Tuesday, October 25, 2016
"Where did this man get all this?" the people asked. "Isn't he Mary's son? Aren't his brothers James and Joseph and Simon and Judas? Don't we know his sisters, too?" Isn't it interesting that the gospel writers bother to tell us what sort of reception Jesus had in his hometown? Matthew points out for us that Jesus did not do many deeds of power in that place because of the people's unbelief. Mark even implies a causal relationship, writing that Jesus "could do no mighty work there" because the people who knew him as a child and who knew his family could not accept that in him God was doing something special. Why would they bother to tell us that? Isn't that the sort of detail an evangelist would normally leave out? Doesn't the "authorized biographer" usually skip the critical parts and only give us the flattering bits? What is it supposed to teach us, therefore, that those who knew Jesus as the hometown kid had a hard time believing that he was more than that?
One of the important themes of the gospel is that we belong to God. In Christ, we are made God's beloved children. The overwhelming adoption that we receive overshadows any other familial relationships we have. Whoever follows Jesus must hate father and mother and sister and brother. Why? Not because family relationships are ungodly but because our relationship to God and to each other in Christ is so important that it must become primary. Even the most fundamental relationships we have grown up to depend on are subordinated to the relationships we gain as children of God. It's not only a question of relationship. It's also a question of identity.
I did not grow up as someone else's younger brother. I don't know what it's like to have my teacher say on the first day of school, "Oh, you're Paul's brother!" I did not follow in the footsteps of a sibling. But, in the small town where I grew up, I was Doug and Emily's son. Whenever I got into trouble, the adult who caught me always said, "Aren't you Doug and Emily's son?" Whenever I was recognized for an achievement, I was told, "I know your parents, and I know that they are proud." Because of that, I've always felt more comfortable in my hometown as kid-all-grown-up rather than as a preacher. Sure, people in Fairhope know that I've gone to seminary and have been ordained, but it doesn't feel like that's who I am in that context. If it's hard for me to merge those two identities and confidently claim my role as priest in a town where I was just a boy, imagine what that was like for Jesus or, for that matter, Jesus' brothers.
Because the feast was transferred from Sunday, today we remember St. James of Jerusalem. Even to this day, we remember him as "the brother of the Lord." But is that all he was? It seems that over time James became more than the brother of Jesus of Nazareth. He became his disciple--a brother of faith in Jesus the Christ. I don't know how it happened, but, by the time the church faced its first major controversy, James was in a position of ecclesiastical authority. At the Jerusalem Council in Acts 15, after receiving testimony from Paul and Barnabas about their missionary work to the Gentiles and hearing from Peter about his vision and the subsequent gift of the Holy Spirit to Cornelius and the other Gentiles, James pronounced the decision that Gentiles would be accepted into the faith without needing to be circumcised as long as they abstained from sexual immorality, things polluted by idols, and food that was strangled or had blood in it. You know--the basics.
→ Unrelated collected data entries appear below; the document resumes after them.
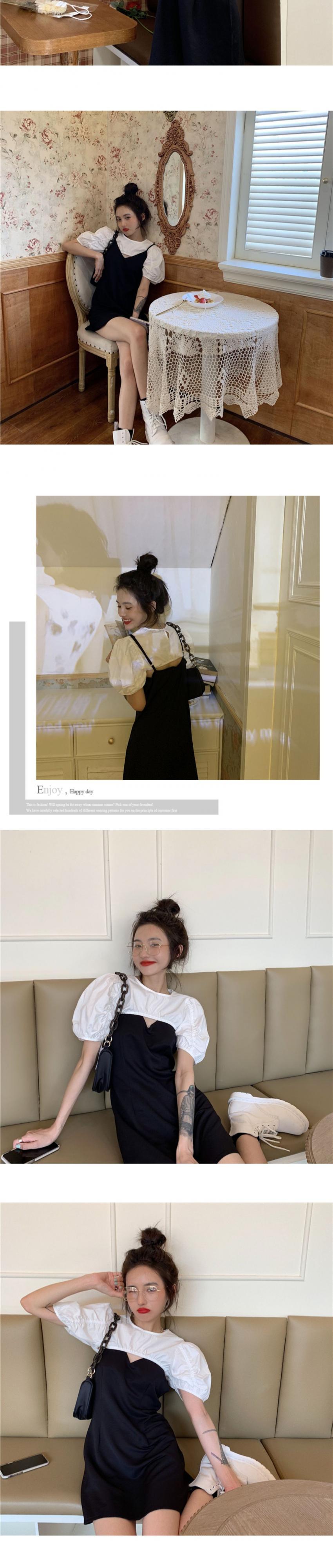 Vネックブラックサスペンダードレスレディースサマー気質ウエストAラインショートスカート2020新作スモールスカート ブラックストロベリース99643367342
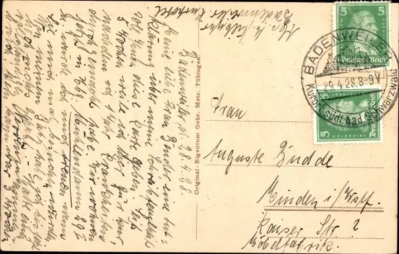 Zustand, siehe Scan, gelaufen, 1928 - ca 14 cm X 9 cm
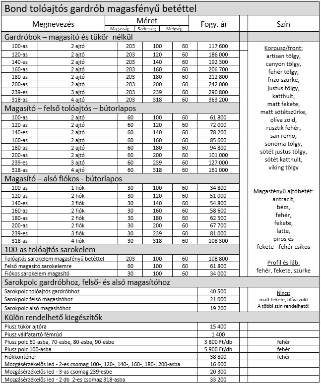 Bond tolóajtós gardrób magasfényű betéttel elemárak

How did James get that authority? How did he leave behind his identity as the younger brother who always got in the way of Jesus and his friends and become a leader in the church. It's cannot only be because he grew up in the same home as Jesus. He doesn't speak to the assembly as the Lord's brother. He is simply James, and James speaks to the men gathered together, calling them "brothers." His identity has changed. Although his identity is still built upon Jesus, it isn't one that depends on a biological relationship but on a spiritual one. Even James has transcended his earthly identity in favor of a heavenly one. Might we do the same?
You are a son of God. You are a daughter of God. You are a brother or sister of Christ. Together, we are God's family. It does not matter what household you grew up in. It does not matter whether you were born a Jew or a Gentile, black or white, rich or poor, an American or a foreigner, Republican or Democrat. In Christ, you have a new identity--one that matters more than any other identity you have. You are a part of God's family. If you haven't found an identity beyond that of someone's child, someone's sibling, someone's parent, someone's spouse, consider leaving home behind. Christ has given you a new identity. He calls you to a new home. May we live together as members of the family of God.